Dominican revolutionary (1800–1872)

Marcos Evangelista Adón (1800 – October 22, 1872) was a Dominican revolutionary who was a hero in 3 national wars of the Dominican Republic. He was also the founder of the Dominican town La Victoria.

==Biography==
Adón was born in 1800 to José Lino Adón and Bernarda Abad, both Dominicans of African descent. He was two brothers, Ambrosio and Santiago, who had fought with him for the all national causes. Although born in the city of El Seibo, he would later relocate to the capital city of Santo Domingo.

He was among the participants of the independence revolt on the night of February 27, 1844. Apparently, he was part of the contingent of Seibanos who accompanied General Pedro Santana to the capital, in the days following the proclamation of independence. Having joined the ranks of the Liberation Army, he participated in many bloody battles fought in the southern region against Haitian forces in the Dominican War of Independence. By the end of the war in 1856, he attained the rank of colonel. At some point by the end of the 1850s, he reached the rank of general.

When Santana proclaimed reincorporation of Dominican Republic into the Spanish monarchy, he was 61 years old. In the files of the Dominicans who held military ranks, the Spanish described him as a man of “a lot of influence with turbulent people,” which is equivalent to saying with the Creoles that they did not willingly accept the betrayal consummated in March 1861.

Like Eusebio Manzueta, Adón was one of Pedro Santana's friends and subordinates, who did not openly oppose the decision of the general, but observed, after the fact, a distant attitude of non-complacency, in front of the civil and military authorities that Spain designated in the country. This explains the reports from spies and informers in the service of foreigners, who warned of the conduct and behavior of those men who had extensive military experience. And the Spaniards were not far from reality, since Adón was one of the first in the eastern region of the country to support the movement that began at Cerro de Capotillo on August 16, 1863, when the definitive stage of the Dominican Restoration War began. On October 2, 1863, in Hato Mayor, he led the uprising against Spain.

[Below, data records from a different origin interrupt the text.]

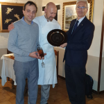 L'incontro conviviale della Delegazione del Principato di Monaco del mese di gennaio è stato dedicato alla cucina del Ponente ligure, secondo l'interpretazione dello chef Jean-Pierre Novembre del ristorante "Chez Louis" di Bordighera. La serata si è svolta presso la Société Nautique di Monaco. In foto, il Delegato Luciano Garzelli consegna il piatto silver dell'Accademia allo chef Novembre per le proposte gastronomiche della serata, risultato di un attento studio e di una riuscita sperimentazione, e per la sintonia con lo staff di cucina da lui guidato.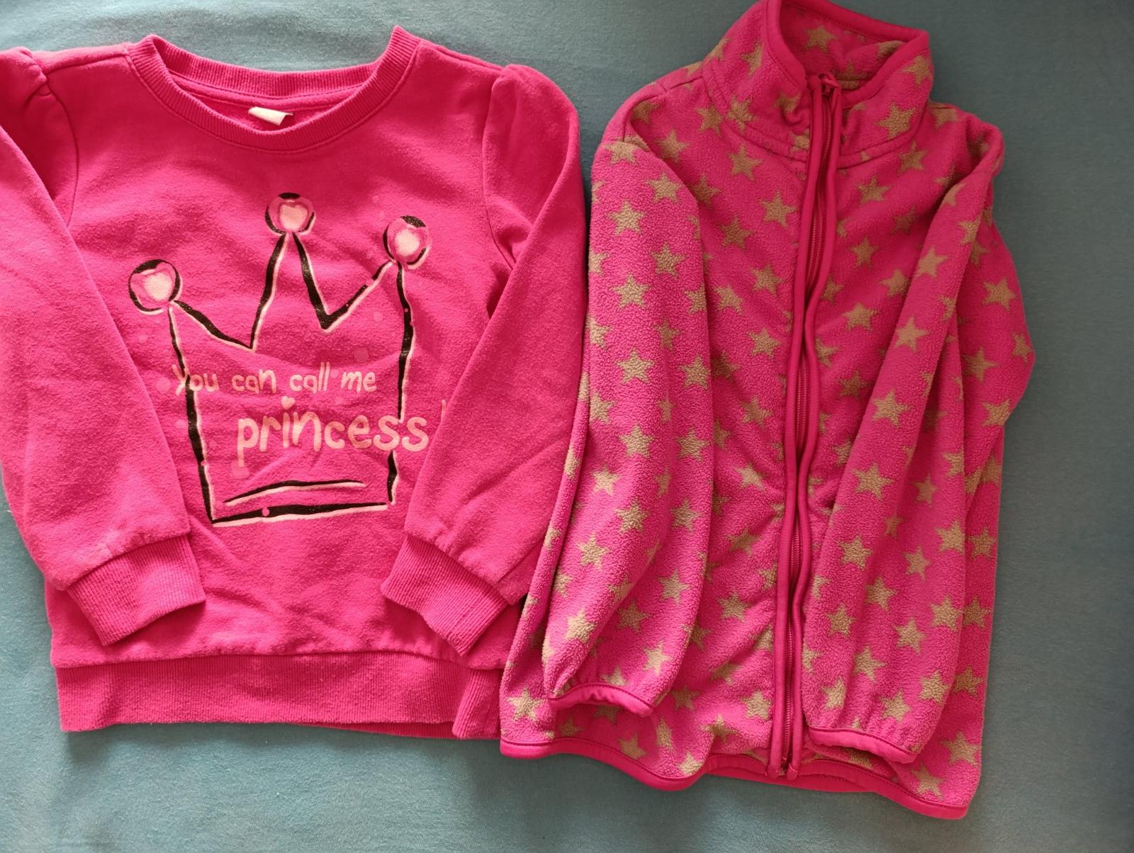 2 ks mikín vhodné na donosenie,okolo domu,na ihrisko. Ružová mikina s korunkou sa oblieka cez hlavu, Zn. Dopodopo, v. 110/116 - nemá poškodenia, ale je už dosť žmolková, spraná. Mikinka s hviezdičkami bola dcérkina obľúbená, takže je nosenie vidno, ale poškodenia nemá - žiadne dierky ani fľaky, Zn. KiK v. 110, zapínanie na zips, príjemný mäkkučký materiál, je teplučká, ale nie je veľmi hrubá, pohodlná aj pod bundu.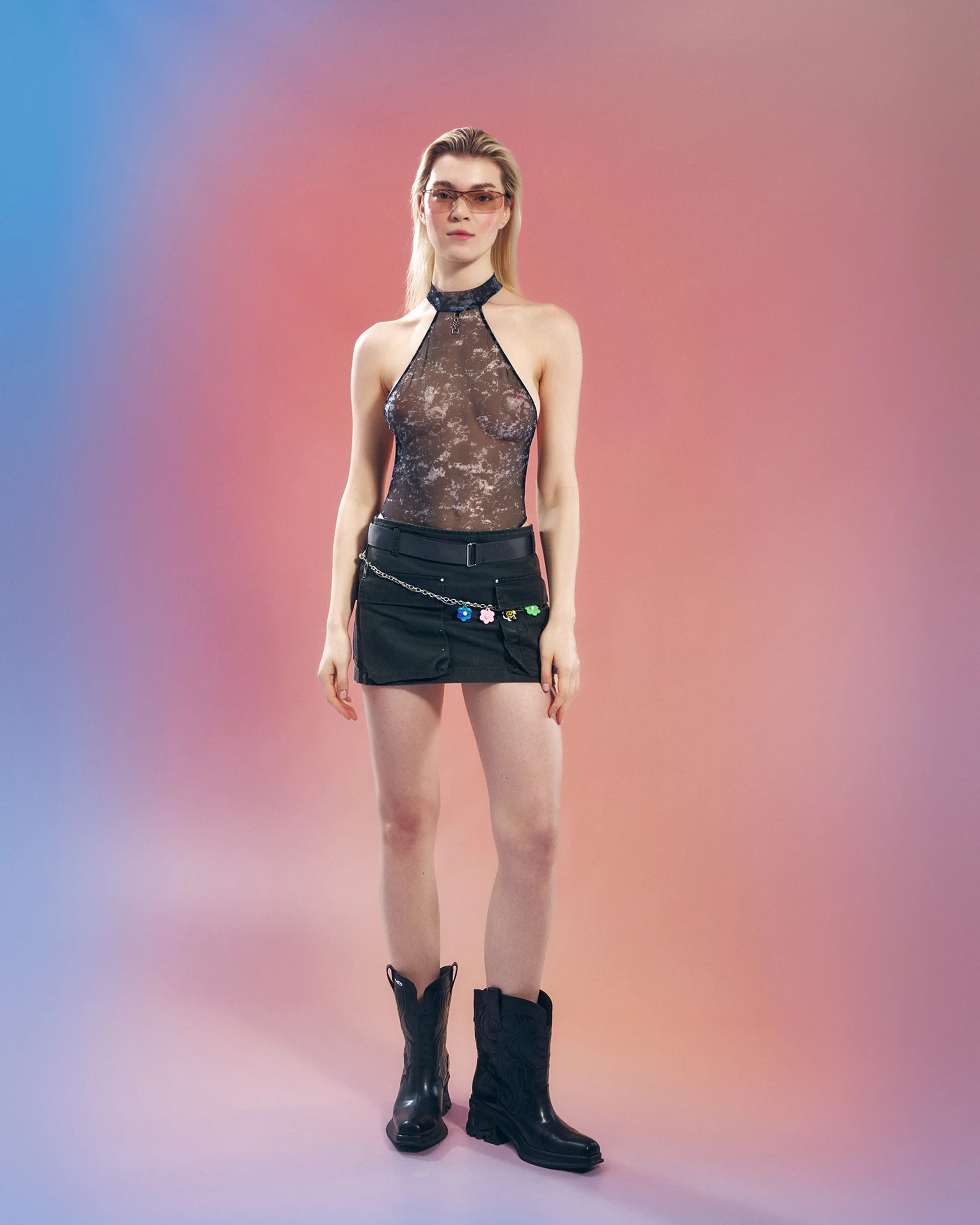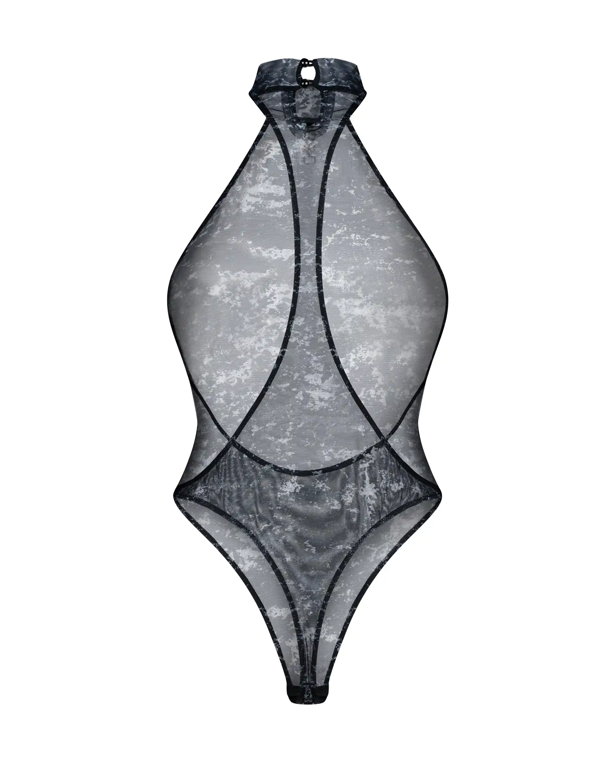Un body transparent aux couleurs vives et au design audacieux. Le tissu élastique épouse le corps, tandis que la coupe haute allonge visuellement la silhouette. Une sangle de tissu traverse le dos ouvert, créant un style unique. Avec son pendentif OSSV argenté et son col court, il n’y a pas besoin d’accessoires supplémentaires.

Once the insurrectional movement in that region failed, Adón was arrested and sent to the capital city on October 16. In November, he was sent as a prisoner to Cuba and transferred, in the same capacity, to Spain from where he escaped, returning to Santo Domingo, to join the ranks of the patriots who were fighting against the Spanish troops. Together with Eusebio Manzueta, Chief of Operations in the Eastern region, he established himself near what is now Villa Mella at the head of a flying guerrilla contingent, which prevented the passage of Spanish troops and the crossing of small steamships through the Ozama River and Yabacao River, which supplied the army quartered in the Guanuma camp. Adón's guerrillas did not allow themselves to be seen by the enemy and at night they attacked the supply convoys, creating serious problems for the opposing forces, as recognized by military leaders González Tablas and José de la Gándera, in works that review that episode.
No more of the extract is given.